Minggu, 5 April 2020 | 19:39 WIB

Tol Dago Punclut Tidak Sesuai Peruntukkan, Pungli, Abaikan Saja

foto

 

Ketua Komisi C DPRD Kota Bandung Yudi Cahyadi, saat sidak, Selasa (7/1). (jabartoday/eddy koesman).

www.transaktual.com

Sejumlah warga mempertanyakan jalan perumahan Citra Green Dago, Kota Bandung, yang melakukan pungutan terhadap kendaraan melintas. Pungutan liar yang dilakukan itu kemudian viral di media sosial. 

Jalan perumahan yang viral itu dikenal sebagai jalur alternatif menghubungkan kawasan Dago dengan Punclut. Rute itu setiap harinya ramai dilintasi kendaraan terutama saat akhir pekan. 

Sebuah video yang diunggah Dodi Permana melalui media sosial Facebook pada 23 Juni 2019 lalu itu menjadi perbincangan. Dalam video berdurasi 1 menit 3 detik itu menggambarkan sistem pembayaran di gerbang masuk perumahan. 

Seorang pengemudi yang hendak melintas ke kawasan perumahan itu dipungut biaya sebesar Rp 3.000. Dalam perbincangan yang dilakukan antara pengemudi dan petugas terdengar bila pungutan yang dilakukan merupakan kebijakan dari pihak perusahaan. 

"Tol anyar (baru), izin PT DAM ti kantornya, Pak. Sakali ngaliwat (sekali melintas) Rp 3.000. Waduh pake kamera. Ini kompleks dulu yang izinnya bermasalah. Sekarang lewat sini bayar Rp 3.000 untuk menuju ke Punclut dari Dago," kata pengemudi yang ada dalam video. 

Ketua Komisi C DPRD Kota Bandung Yudi Cahyadi mengatakan, penerapan jalan berbayar alias electronic road pricing (ERP), di Jalan Citra Green Dago, Kelurahan Ciumbuleuit Kecamatan Cidadap, Kota Bandung tidak sesuai dengan peruntukannya.
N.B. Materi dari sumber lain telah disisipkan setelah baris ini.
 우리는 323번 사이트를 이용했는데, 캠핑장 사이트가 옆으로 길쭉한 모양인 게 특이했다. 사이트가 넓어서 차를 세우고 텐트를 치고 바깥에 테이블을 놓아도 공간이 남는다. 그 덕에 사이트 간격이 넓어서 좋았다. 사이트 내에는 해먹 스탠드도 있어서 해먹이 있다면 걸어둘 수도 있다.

Yudi beralasan, izin yang dikeluarkan DPMPTSP Kota Bandung, hanya mengatur parkir untuk umum.

“Kalau ijin parkir untuk kendaraan roda empat itu melanggar karena tidak sesuai dengan peruntukannya,” kata Yudi, saat lakukan sidak di Jalan Citra Green Dago, Selasa (7/1).
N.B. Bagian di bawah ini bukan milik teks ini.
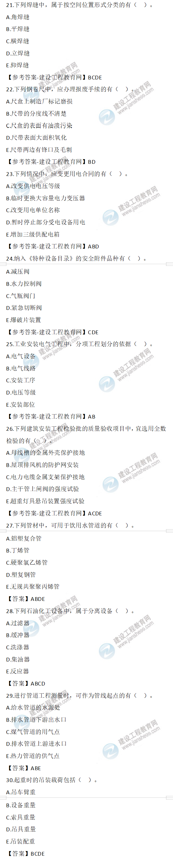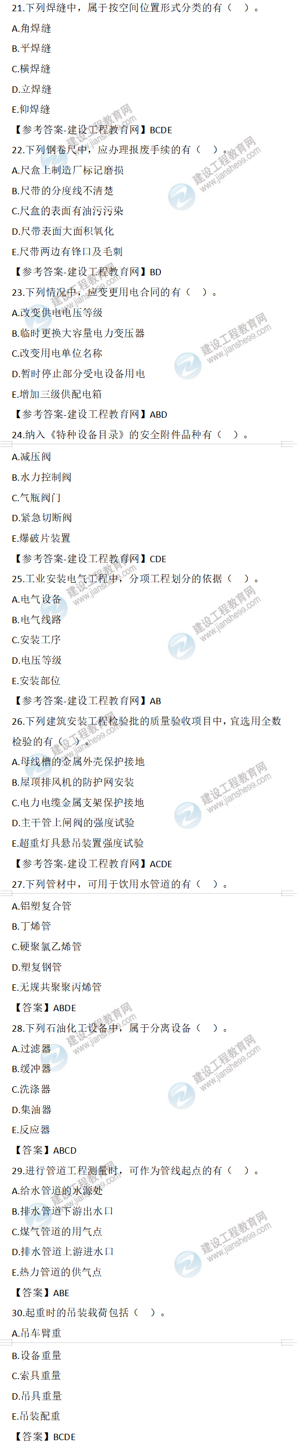 2022年二級建造師機電實務試題及答案第21-30題(12日2天3科)

Yudi menegaskan, penyediaan tempat parkir umum Green Hill yang dikelola oleh PT. DAM Utama Sakti Prima melanggar aturan. Maka itu, dia meminta kegiatan tersebut untuk dihentikan, serta diberikan peringatan karena izin yang dikeluarkan tidak sesuai peruntukan.

“Kami minta supaya disegel. Ini termasuk pungli. Kita harus ikut aturan. Masa melanggar dibiarkan,” cetus Yudi.

Sebelumnya, jalan berbayar atau yang dikenal tol “Dago Punclut”, sempat diorotes warga dan dihentikan. Namun sejak Agustus 2019, kembali beroperasi. Dalam prakteknya jalan berbayar hanya diwajibkan bagi kendaraan roda empat atau lebih, tapi untuk kendaraan roda dua tidak dipungut.

Pada kesempatan yang sama, Sekretaris Komisi C DPRD Kota Bandung Hasan Faozi mengimbau masyarakat untuk tidak membayar pungutan yang tidak jelas. Sehingga tidak mendukung adanya pungli di kawasan tersebut.

“Warga tidak ikut-ikutan aturan yang tidak jelas. Serta dinas terkait segera melakukan penindakan jika diperlukan,” ujar politisi Partai Gerindra ini.